You can now try to run the replication process manually (this can take a while if the pools are large):

syncoid --recursive --no-privilege-elevation --no-sync-snap melchior:ssd backup/ssd
syncoid --recursive --no-privilege-elevation --no-sync-snap melchior:hdd backup/hdd

Automating the replication process

On the backup server, create a script:

nano /root/run_syncoid.sh

#!/bin/bash
set -e
 
echo "[1/4] Reconnect the external HDD"
zpool import backup
 
echo "[2/4] Replicate the snapshots from the main server"
syncoid --recursive --no-privilege-elevation --no-sync-snap melchior:ssd backup/ssd
syncoid --recursive --no-privilege-elevation --no-sync-snap melchior:hdd backup/hdd
 
echo "[3/4] Prune old/unwanted local snapshots"
sanoid --cron --verbose
 
echo "[4/4] Disconnect the Zpool and make the external HDD enter sleep mode"
zpool export backup
hdparm -y /dev/disk/by-id/wwn-0x5000cca425ce6d7d

Let’s create the systemd services and timers:

nano /etc/systemd/system/syncoid.service

[Unit]
Description=Syncoid backup to external drive
After=network.target
 
[Service]
Type=oneshot
ExecStart=/root/run_syncoid.sh
User=root
StandardOutput=journal
StandardError=journal

nano /etc/systemd/system/syncoid.timer

[Unit]
Description=Run Syncoid backup weekly
 
[Timer]
OnCalendar=weekly
Persistent=true
ini[Unit]
Description=Run Syncoid backup weekly
 
[Timer]
OnCalendar=weekly
Persistent=true
 
[Install]
WantedBy=timers.target

And finally enable and start the services and timers:

systemctl daemon-reload
systemctl enable syncoid.service
systemctl enable --now syncoid.timer

Tunneled SSH connection

Because we want offsite backups, we need to tunnel the SSH connection between the main server and the backup server. We already have Pangolin, so we can use it to tunnel the SSH connection.

In the Pangolin dashboard, in Networks -> Clients -> Machines -> Create client Give it a name, and select Docker as the “Operating system”. Copy the “Commands” and paste it in a docker-compose.yml file on the backup server.

Confirm the creation on the Pangolin dashboard and then run the container.

docker compose up -d

The client should be reported as “Connected” now.

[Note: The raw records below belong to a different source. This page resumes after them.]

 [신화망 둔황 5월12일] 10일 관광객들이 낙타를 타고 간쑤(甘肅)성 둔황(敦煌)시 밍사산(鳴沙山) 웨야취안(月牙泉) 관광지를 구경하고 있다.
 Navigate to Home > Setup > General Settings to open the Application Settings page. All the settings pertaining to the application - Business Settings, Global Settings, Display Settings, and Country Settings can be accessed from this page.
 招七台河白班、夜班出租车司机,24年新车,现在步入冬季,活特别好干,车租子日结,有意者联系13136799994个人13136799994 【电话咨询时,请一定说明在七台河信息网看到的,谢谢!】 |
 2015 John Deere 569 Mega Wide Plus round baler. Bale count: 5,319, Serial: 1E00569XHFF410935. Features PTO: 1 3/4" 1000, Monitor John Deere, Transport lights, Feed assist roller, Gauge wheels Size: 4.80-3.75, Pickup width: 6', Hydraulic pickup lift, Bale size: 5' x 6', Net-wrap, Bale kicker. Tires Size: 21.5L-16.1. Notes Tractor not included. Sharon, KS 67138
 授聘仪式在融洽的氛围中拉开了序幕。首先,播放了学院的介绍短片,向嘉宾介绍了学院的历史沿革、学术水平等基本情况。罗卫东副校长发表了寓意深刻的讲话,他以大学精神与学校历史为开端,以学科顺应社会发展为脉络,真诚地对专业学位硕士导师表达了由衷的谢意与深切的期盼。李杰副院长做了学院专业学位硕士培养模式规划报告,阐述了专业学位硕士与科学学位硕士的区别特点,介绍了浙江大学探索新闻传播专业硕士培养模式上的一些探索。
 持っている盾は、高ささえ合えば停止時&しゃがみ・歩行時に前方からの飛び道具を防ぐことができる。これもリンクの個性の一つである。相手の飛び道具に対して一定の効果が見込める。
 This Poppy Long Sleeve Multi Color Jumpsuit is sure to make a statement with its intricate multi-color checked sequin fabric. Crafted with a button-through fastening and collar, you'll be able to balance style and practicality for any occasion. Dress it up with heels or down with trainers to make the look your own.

Now let’s create a Private Ressource to allow the backup server to access the main server via SSH. In the Pangolin dashboard, in Networks -> Ressources -> Private -> Add ressource

Give it a name, select the main server site. Because Newt is running in a docker container, the destination should need to be host.docker.internal. Give it an Alias even if it will not be used (e.g: melchior.internal).

In Port Restictions, use TCP Custom 22, UDP Blocked. You can keep ICMP.

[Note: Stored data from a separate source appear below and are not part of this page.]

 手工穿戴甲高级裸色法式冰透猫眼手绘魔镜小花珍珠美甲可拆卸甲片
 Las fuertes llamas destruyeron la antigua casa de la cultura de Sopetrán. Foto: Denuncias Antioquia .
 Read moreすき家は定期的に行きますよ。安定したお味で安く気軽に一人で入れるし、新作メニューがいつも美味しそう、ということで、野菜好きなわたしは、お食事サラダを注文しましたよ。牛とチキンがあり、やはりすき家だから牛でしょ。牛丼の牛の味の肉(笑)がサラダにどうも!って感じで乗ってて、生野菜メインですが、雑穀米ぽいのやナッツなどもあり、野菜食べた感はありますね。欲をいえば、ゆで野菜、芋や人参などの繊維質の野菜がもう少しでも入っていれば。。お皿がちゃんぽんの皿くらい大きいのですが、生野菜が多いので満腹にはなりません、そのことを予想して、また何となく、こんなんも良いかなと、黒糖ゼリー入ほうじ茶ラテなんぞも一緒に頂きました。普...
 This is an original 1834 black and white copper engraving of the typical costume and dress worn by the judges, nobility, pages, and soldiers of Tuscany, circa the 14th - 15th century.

In the Access Policy tab, select the Machine Client we created earlier.

After saving, toggle the Alias Address column to see the IP address to use to connect to the main server.

Copy it and try connecting to the main server via SSH from the backup server:

ssh 100.96.128.8

If it ask for a password, or give a normal SSH response, this is good sign.

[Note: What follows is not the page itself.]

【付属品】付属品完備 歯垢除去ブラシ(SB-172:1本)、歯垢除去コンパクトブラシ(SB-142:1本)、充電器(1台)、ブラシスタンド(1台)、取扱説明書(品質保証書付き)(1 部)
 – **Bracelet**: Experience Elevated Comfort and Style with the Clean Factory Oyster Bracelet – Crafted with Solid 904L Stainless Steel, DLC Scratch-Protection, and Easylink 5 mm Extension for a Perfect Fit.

Edit /root/.ssh/config and update the Hostname:

Host melchior
    Hostname 192.168.70.67
    Hostname 100.96.128.8
    User syncoid
    IdentityFile ~/.ssh/id_syncoid

And this should now work remotely, even if the main server is not on the same network as the backup server:

syncoid --recursive --no-privilege-elevation --no-sync-snap melchior:ssd backup/ssd
syncoid --recursive --no-privilege-elevation --no-sync-snap melchior:hdd backup/hdd

Hardening the SSH connection

Great, but in case the backup server is compromised, we want to make sure this SSH connection cannot be used to execute arbitrary commands on the main server. Let’s first log which commands are required by syncoid to run properly:

nano /home/syncoid/.ssh/authorized_keys

Add the following:

command="echo \"$SSH_ORIGINAL_COMMAND\" >> /home/syncoid/ssh_commands.log && exec /bin/bash -c \"$SSH_ORIGINAL_COMMAND\"",

Run syncoid again from the backup server and check the log file:

cat /home/syncoid/ssh_commands.log

exit
echo -n
command -v lzop
command -v mbuffer
zpool get -o value -H feature@extensible_dataset 'hdd'
zfs list -o name,origin -t filesystem,volume -Hr 'hdd'
zfs get -H syncoid:sync 'hdd'
zfs get -Hpd 1 -t snapshot guid,creation 'hdd'
zfs send -nvP -I 'hdd@autosnap_2026-03-23_23:30:27_weekly' 'hdd@autosnap_2026-03-28_10:00:10_hourly'
zfs send  -I 'hdd'@'autosnap_2026-03-23_23:30:27_weekly' 'hdd'@'autosnap_2026-03-28_10:00:10_hourly' | lzop  | mbuffer  -q -s 128k -m 16M

We will now create a filter script to block all commands except the ones required by syncoid.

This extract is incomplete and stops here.